• [Task objective]
Beginning at the first line of the material, output each line exactly until you reach and include the line containing "autumn and winter". Leave every picture out.

START Dataset content

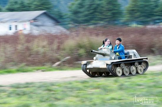 不用動員,孩子們已經(jīng)沖上去了,那還說啥,大人當(dāng)然是要欣賞風(fēng)景的,但是在孩子們眼里,那些風(fēng)光哪有開坦克過癮?
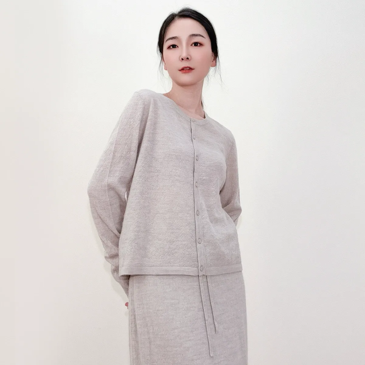 autumn and winter new round neck long sleeved royal alpaca wool knitted cardigan for women simple and versatile cardigan jacket
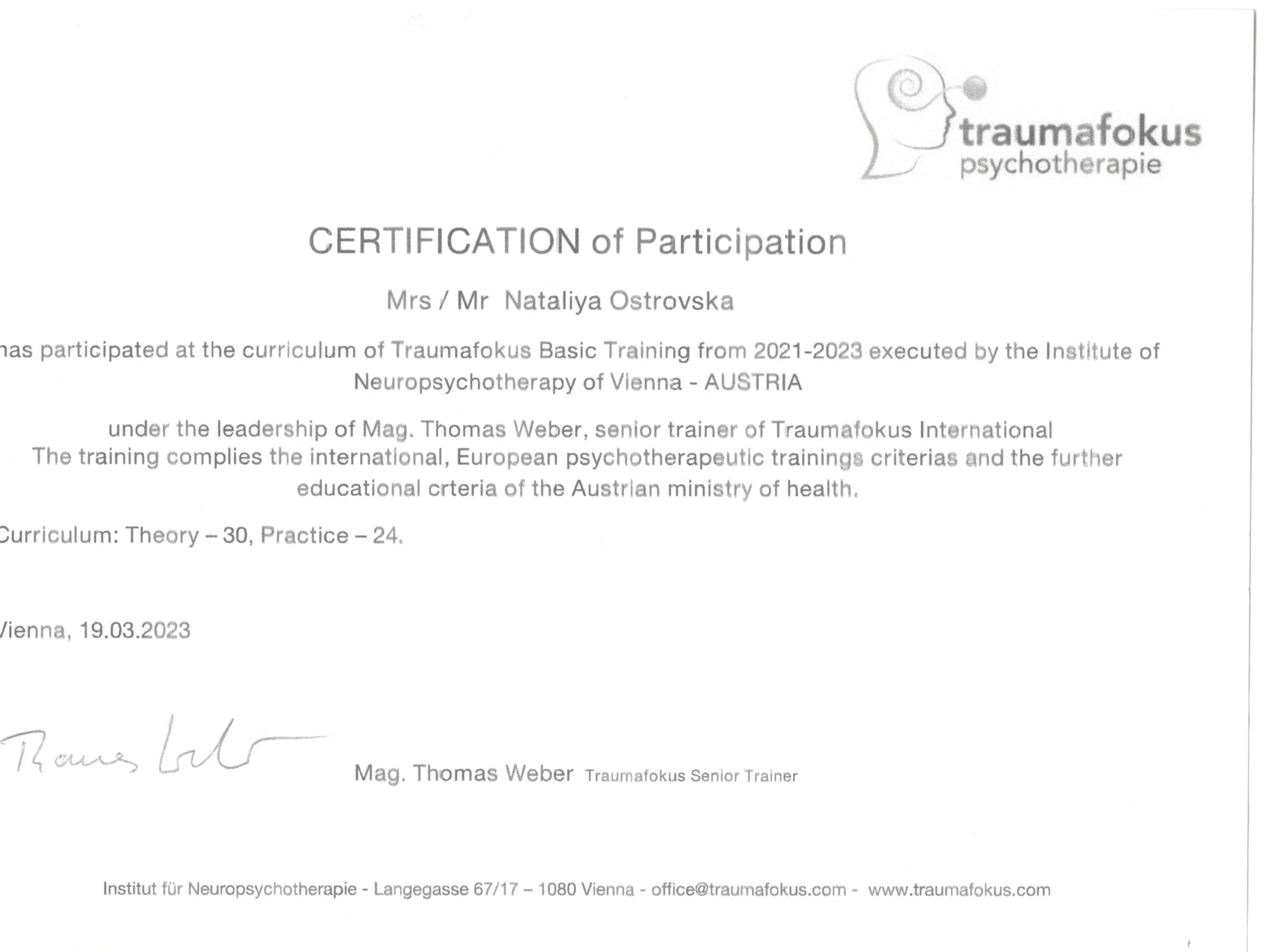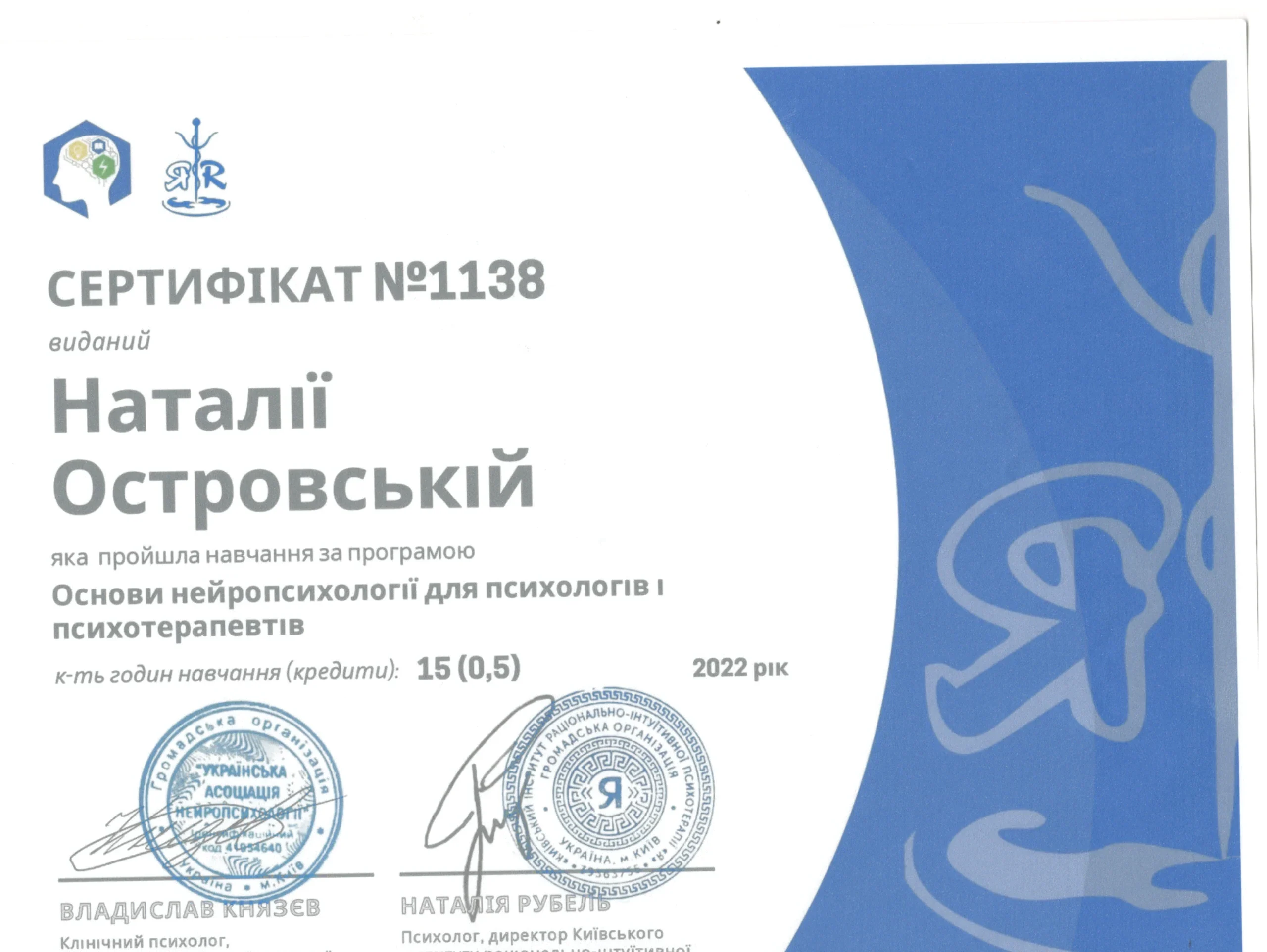Пройшла курс вдосконалення психологів: “Нейродегенеративні хвороби: нейропсихологічна диференційна діагностика”, м.Варшава, Польща. Пройшла курс навчання за програмою “Основи нейропсихології для психологів та психотерапевтів”.

END Dataset content

• [Result of the task]
 不用動員,孩子們已經(jīng)沖上去了,那還說啥,大人當(dāng)然是要欣賞風(fēng)景的,但是在孩子們眼里,那些風(fēng)光哪有開坦克過癮?
 autumn and winter new round neck long sleeved royal alpaca wool knitted cardigan for women simple and versatile cardigan jacket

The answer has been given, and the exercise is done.